Eight whaleboats pushed off from the Connecticut shore at roughly four in the morning on November 21, 1780. The men inside them — eighty dismounted dragoons of the 2nd Continental Light Dragoons — did not speak above a whisper. The commander at the bow was twenty-six-year-old Major Benjamin Tallmadge, Yale graduate, intelligence chief for General George Washington, and the architect of the most effective spy network of the Revolutionary War. He was crossing Long Island Sound in the dark, heading toward occupied territory, carrying axes and bayonets and the weight of a half-failed war.
What unfolded over the next forty-eight hours at a fortified British supply depot on the south shore of Long Island — a place called the Manor of St.
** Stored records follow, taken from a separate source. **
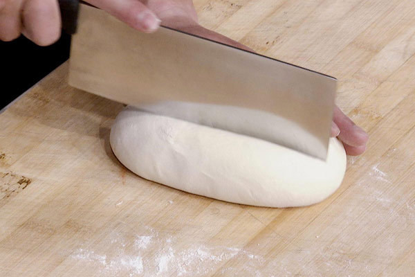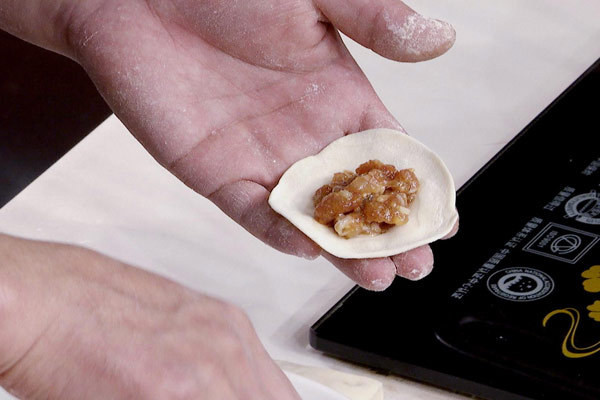 3:包制灌汤包:加入肉馅后,放入一小块肉皮冻。
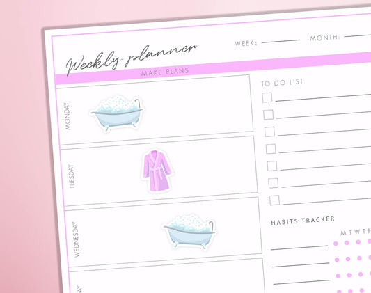 Bath Time Planner Stickers | Bath and Bathrobe/Dressing Gown Stickers | Bubble Bath Stickers | Relax Journal Diary Sticker Sheet
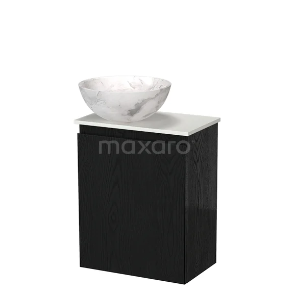 Modulo Pico Toilet Furniture with Basin | 41 cm Black Oak Handleless Front Natural Stone Basin Solid Surface Washbasin Top
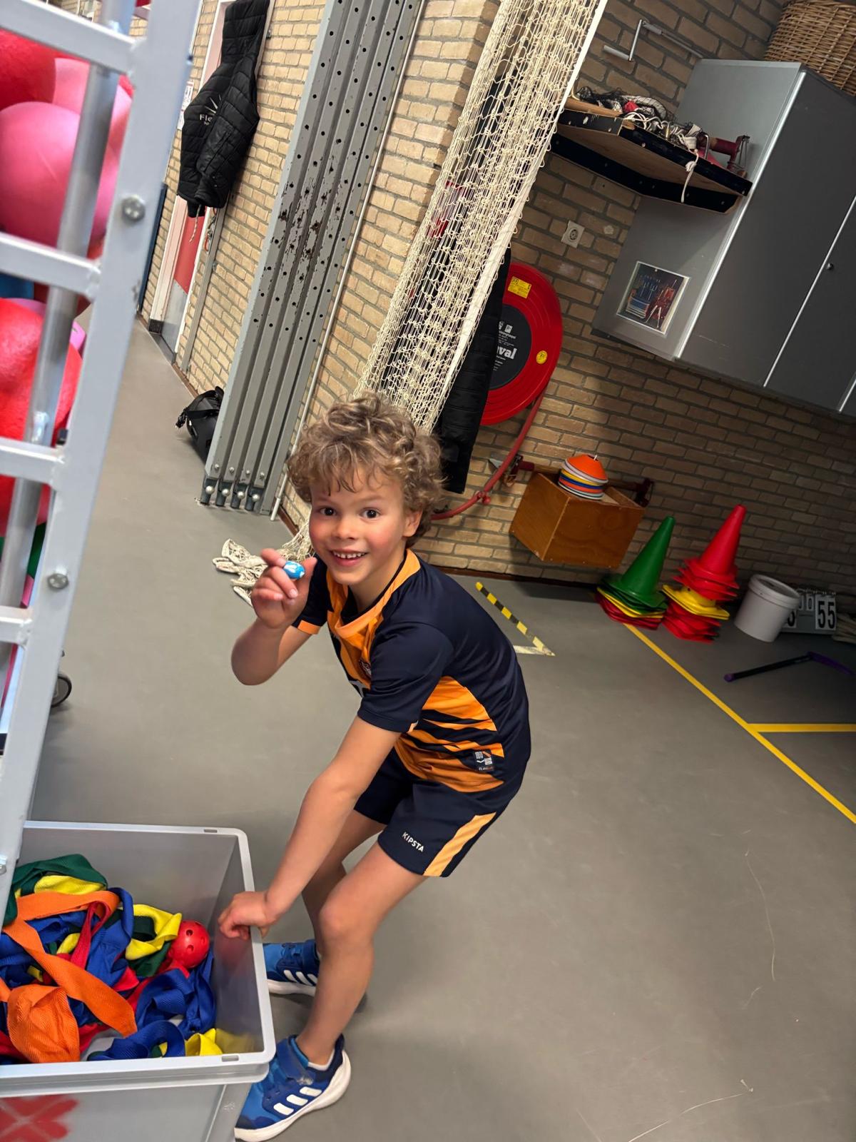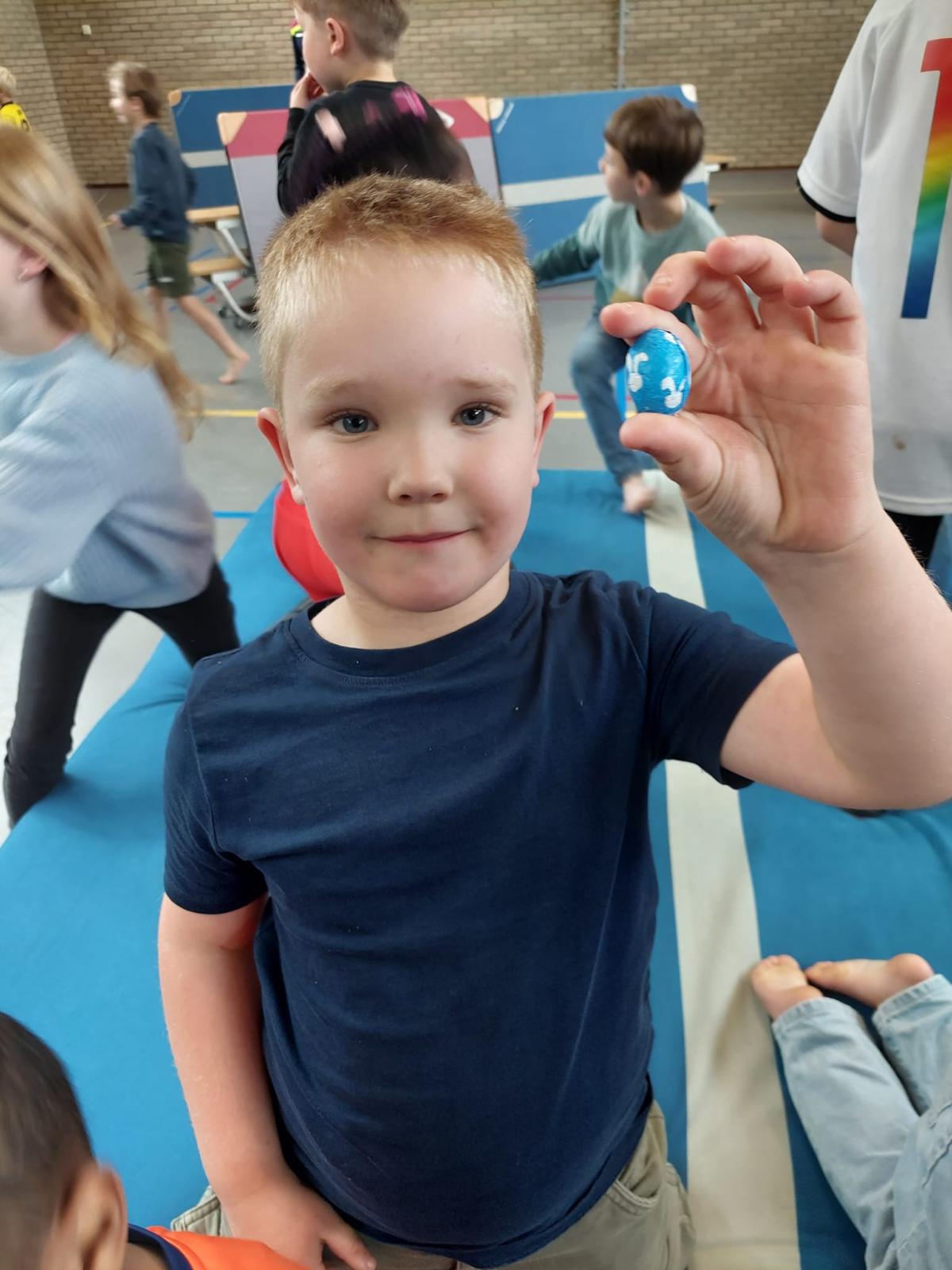 We gingen vandaag naar de gymzaal. Maar voordat we het spannende spel Tien tellen in de rimboe speelden, mochten de kinderen eerst op zoek naar chocolade paaseitjes die verstopt waren. Wat een feest! Met volle concentratie werd er gezocht, gevonden en natuurlijk… lekker gesmuld. Daarna nog even actief bewegen in de gymzaal – een mooie balans tussen zoetigheid en sportiviteit.
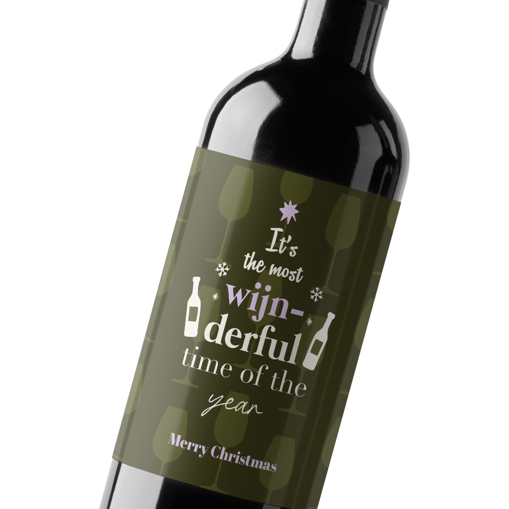 Hip en grappig kerstetiket voor een wijnfles. Op deze wijnflesetiket staat een achtergrondpatroon van wijnglazen met de grappige tekst 'It's the most wijn-derful time of the year'. Pas het etiket makkelijk aan naar je eigen wensen in onze online opmaaktool.
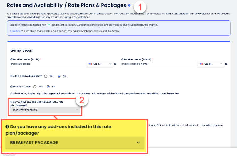 Cloudbeds, tesislerin fiyat planları veya eklentiler içinde kahvaltı öğeleri dahil olmak üzere yemek planlarını kolayca takip etmesine olanak tanır. Eğer yemek planların yapılandırılmamışsa, bir tane yapılandırmak için buraya tıkla.
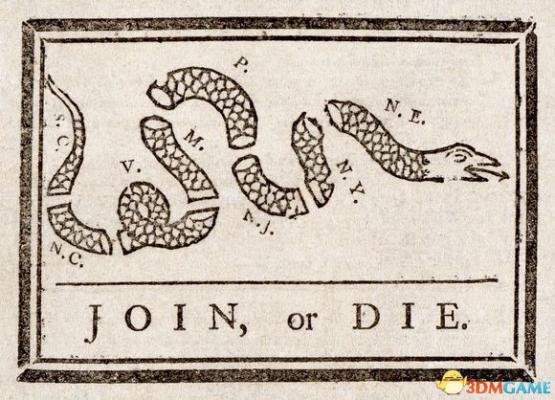 是本杰明·富兰克林在1754年5月9日发表在《宾夕法尼亚日报》上的一幅具有政治性质的漫画,七年战争期间1754—1763)他为了推动殖民地各州团结,画出了上面这幅漫画,旗帜中的一条蛇被分成8段暗示着当时沿海岸的13个英属殖民地
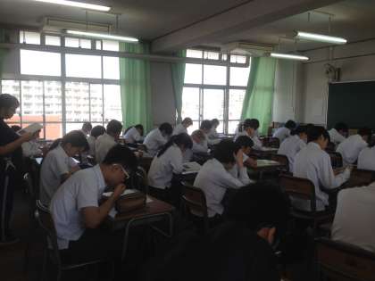 1限、道徳の授業です。全クラス同時教材での展開です。

George, in what is now Mastic Beach — was not a grand set-piece battle. It was a textbook raid: surgical, silent until it wasn’t, and devastatingly effective. The British garrison never saw it coming. By dawn on November 23rd, the fort had fallen, 54 prisoners were in American hands, and a man named Elijah Churchill had performed acts of valor so remarkable that decades later, George Washington would create a medal specifically to honor him. That medal became the Purple Heart.
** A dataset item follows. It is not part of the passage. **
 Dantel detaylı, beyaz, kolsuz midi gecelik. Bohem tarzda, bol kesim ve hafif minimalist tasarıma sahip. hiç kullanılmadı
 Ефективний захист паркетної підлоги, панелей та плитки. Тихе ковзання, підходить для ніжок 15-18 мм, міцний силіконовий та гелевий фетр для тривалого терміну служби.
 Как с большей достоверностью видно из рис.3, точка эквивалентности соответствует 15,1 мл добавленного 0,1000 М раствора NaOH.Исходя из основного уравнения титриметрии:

The Raid on Fort St. George was one of the lesser-known engagements of the American Revolution. It deserves a far wider audience — particularly here on Long Island, where the ground it was fought on still exists, and where the strategic brilliance behind it continues to ripple through military history.
The Strategic Landscape: Long Island Under British Occupation
Long Island had been in British hands since August 1776, when the Battle of Long Island — still the largest battle of the entire Revolutionary War — ended in a humiliating rout of Washington’s forces at Brooklyn Heights. The British used Long Island not merely as a garrison but as an operational hub: a depot for provisions, a harbor for the Royal Navy, and a staging ground for raids deep into New England.
Fort St. George, erected at the Manor of St. George near the south coast of Suffolk County, exemplified this function. After the British captured Long Island in 1776, Fort St. George was used as a supply base for their forces, erected near the present-day Manor house. From this location they controlled Fireplace Neck in Bellport, where fires were set at night to guide sailing vessels to shore. The fort also afforded control of the waters along Bellport Bay and the inlet to the Atlantic that then existed at Old Inlet on Fire Island, as well as the Carmens River from which the British could float lumber and supplies.
The fortification itself was formidable for a colonial outpost. Loyalist refugees from Rhode Island were resettled onto Long Island after the British withdrew their forces from Newport in 1779. Some were established at Manor St. George on the southeastern part of the island. They fortified the property, erecting a stockade 12 feet high in a roughly triangular shape around the manor house. The stockade was lined with abatis — tree branches with sharpened points facing out — and a deep ditch. Tallmadge, who had personally reconnoitered the site, described it in his memoirs as consisting of “two large strong Houses, and a fort about 90 feet square, the whole connected together by a very strong Stockade…forming a compleat Triangle, & the Fort & Houses standing in the extrimities of the Angles. The fort consisted of a high Wall & a deep Ditch, encircled with a strong Abbatis, having but one Gate.” (Tallmadge, Memoir, 1858)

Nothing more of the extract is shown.